Programming Connection

STOP Outreach Team 

Vancouver STOP Project
Vancouver, British Columbia
2013

Challenges

  1. Lack of pre-existing model. With no precedent for the team’s structure, management has shifted and altered the team’s makeup to find an optimal operating structure and staff complement. Work continues to be done to find the right staff configuration, with the right roles and in the right settings. 
  2. Structural barriers. Mental health and addictions services are challenged to meet the needs of the most complex clients.  Waitlists and transitions among service settings provide structural barriers to engaging and maintaining some of these clients in ongoing HIV care. 
  3. Social workers.
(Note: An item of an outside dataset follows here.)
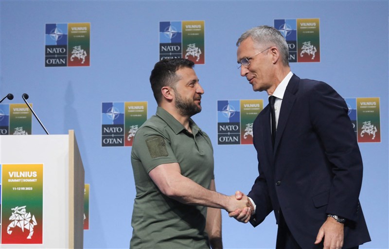 7月在立陶宛首都維爾紐斯(Vilnius)舉行的北約峰會中,各國領袖同意,烏克蘭可以在某些條件達成時加入北約。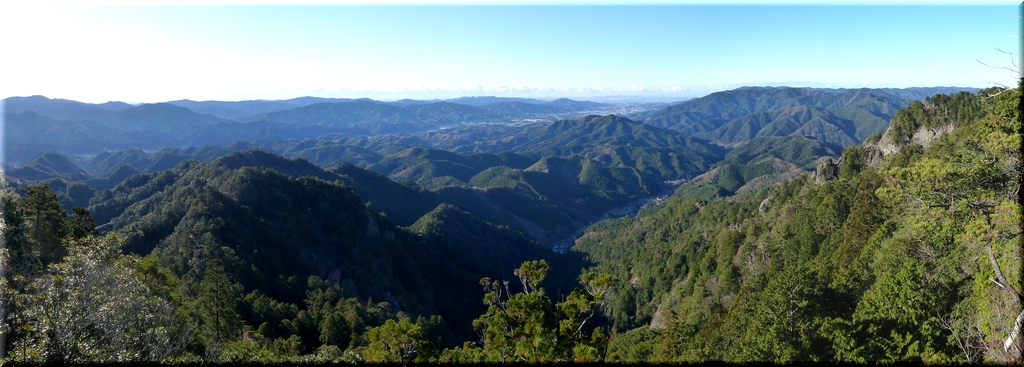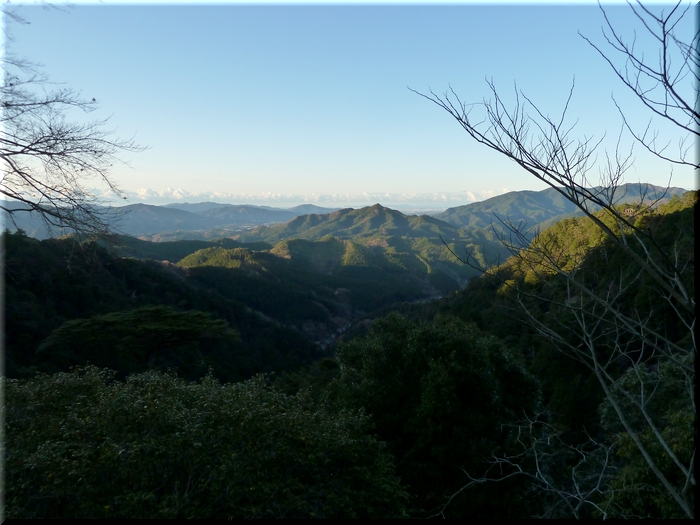 本堂に背を向ければ歩いてきた山あいが眼下に望める。

With a primary focus on biomedical interventions and outcomes as associated with treatment as prevention, social workers and other clinicians often struggle to prioritize issues that can be more immediate and important for daily survival.  This, combined with the lack of obvious measures of success relating to the social determinants of health has challenged social workers to understand the relative value of their practice.
  4. Limited resources.  While the STOP pilot was well funded, there were many priorities that led to pressures and some unmet needs.  The STOP team could have provided more care and even greater improvements to access with more resources such as physician sessions. Additionally,   the mandate to provide both expanded testing and treatment support services has overextended some team members. In addition, developing individual and effective care plans for each client is time-consuming, as is meeting the needs of dozens of clients to execute these plans.
  5. Collaboration with other service providers. It has been a challenge at times for the team to integrate its work with the work of other agencies in a neighbourhood with a many providers. Improved coordination of service delivery would result in greater efficiency and outcomes.  .
  6. Communication with the criminal justice system and other jurisdictions. Challenging communication with the federal justice system and other health authorities can have a negative health impact on clients who experience episodic incarceration, or who are transient, and who need strong continuity of care.
  7. Cheque day.  Provincial income assistance cheques are issued monthly, giving clients access to hundreds of dollars at a time. To reduce the negative impact this can have on clients’ lives, the team encourages clients to have cheques issued weekly or biweekly, and have rent withdrawn directly from their accounts. For clients who want it, the team will match them with a peer navigator that will support them to do something positive with the money.
  8. Weekend services. The team does not offer weekend service to clients though it does have a 24-hour telephone line for clients and service providers needing support or information.
  9. Transitions and discharge. Many of the team’s clients rely on outreach or require a tailored clinical service to remain engaged in care. There are limited spaces in long-term programs that have the capacity to do this. Despite limited capacity in the community, discharge must take place as there is a steady flow of referrals to the team.